Add manual-import and download-access features

Introduce manual import workflow and download permission support. Adds a Prisma migration and schema field (users.download_access) to track per-user download access, and updates admin UI to toggle global and per-user download access. Implements new APIs: filesystem browse, manual-import endpoint, download-access settings, audiobook download-status, and on-demand download-token generation. Adds frontend components for manual import and related tests, plus documentation for the manual-import feature and the documentation-agent prompt. Key files: prisma/migrations/20260212000000_add_download_access_permission/migration.sql, prisma/schema.prisma, src/app/api/admin/filesystem/browse/route.ts, src/app/api/admin/manual-import/route.ts, src/app/api/admin/settings/download-access/route.ts, src/app/api/requests/[id]/download-token/route.ts, src/app/api/audiobooks/[asin]/download-status/route.ts, and updated admin users pages/components and permissions util.

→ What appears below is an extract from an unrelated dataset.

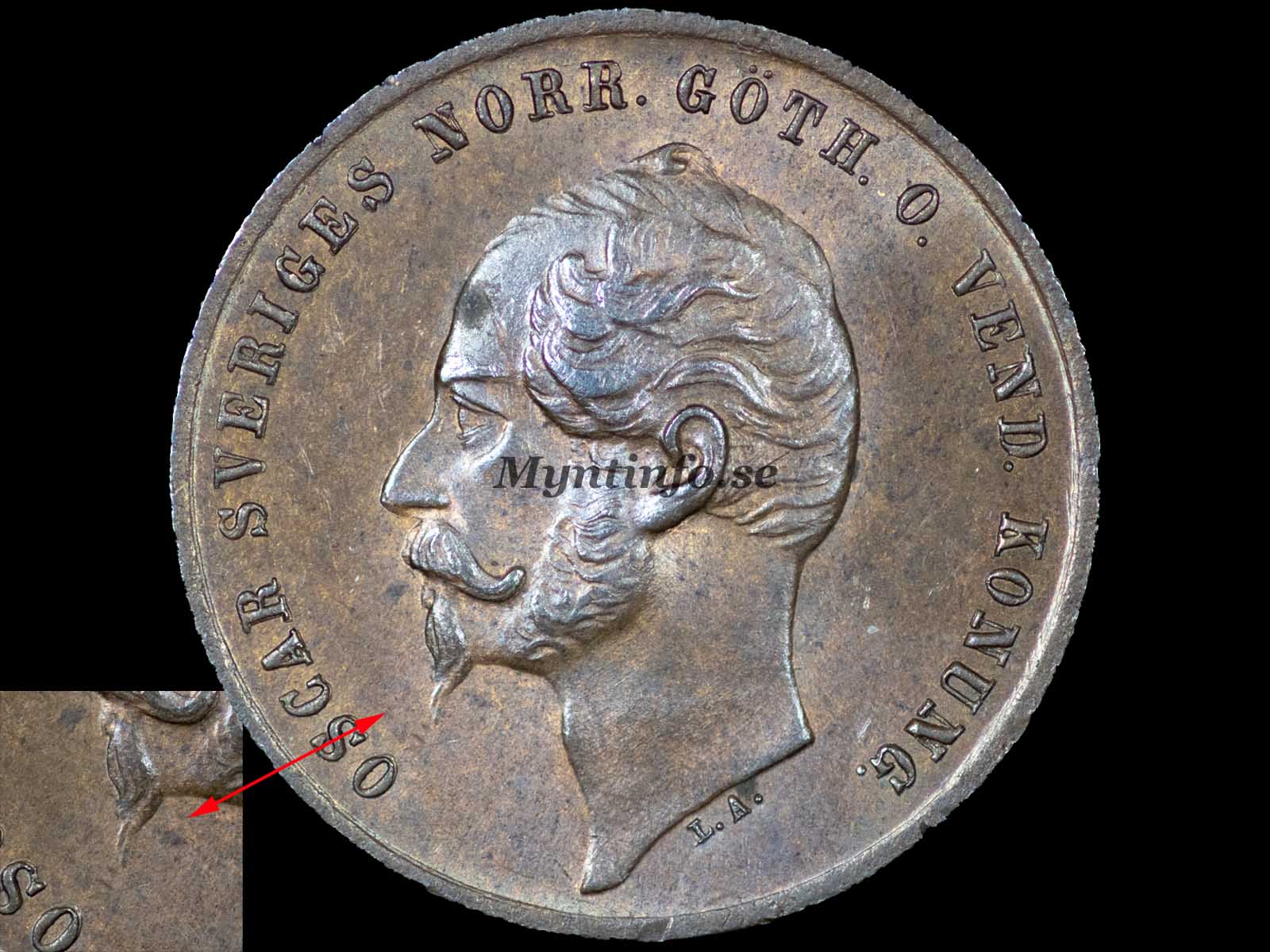En mycket spännande raritet med fyra tydliga detaljer. Utöver den långa skäggspetsen sitter locken högst upp på huvudet i linje med punkten efter NORR. Kransen på baksidan har bladmönstret 2.3.4.5.5 räknat uppifrån och ner. Den mest unika detaljen är dock att samtliga bokstäver N i omskriften är präglade över bakvända N, vilket syns som ett tydligt streck genom bokstävernas nedre del.

2026-06-03 21:00:09 +00:00 · 2026-02-27 12:15:23 -05:00
parent 73c5fe14e7
commit edc56bc457
29 changed files with 2196 additions and 27 deletions
@@ -0,0 +1,70 @@
+/**
+ * Component: Audiobook Download Status API Route
+ * Documentation: documentation/backend/api.md
+ *
+ * Returns whether a downloadable file exists for this audiobook (by ASIN).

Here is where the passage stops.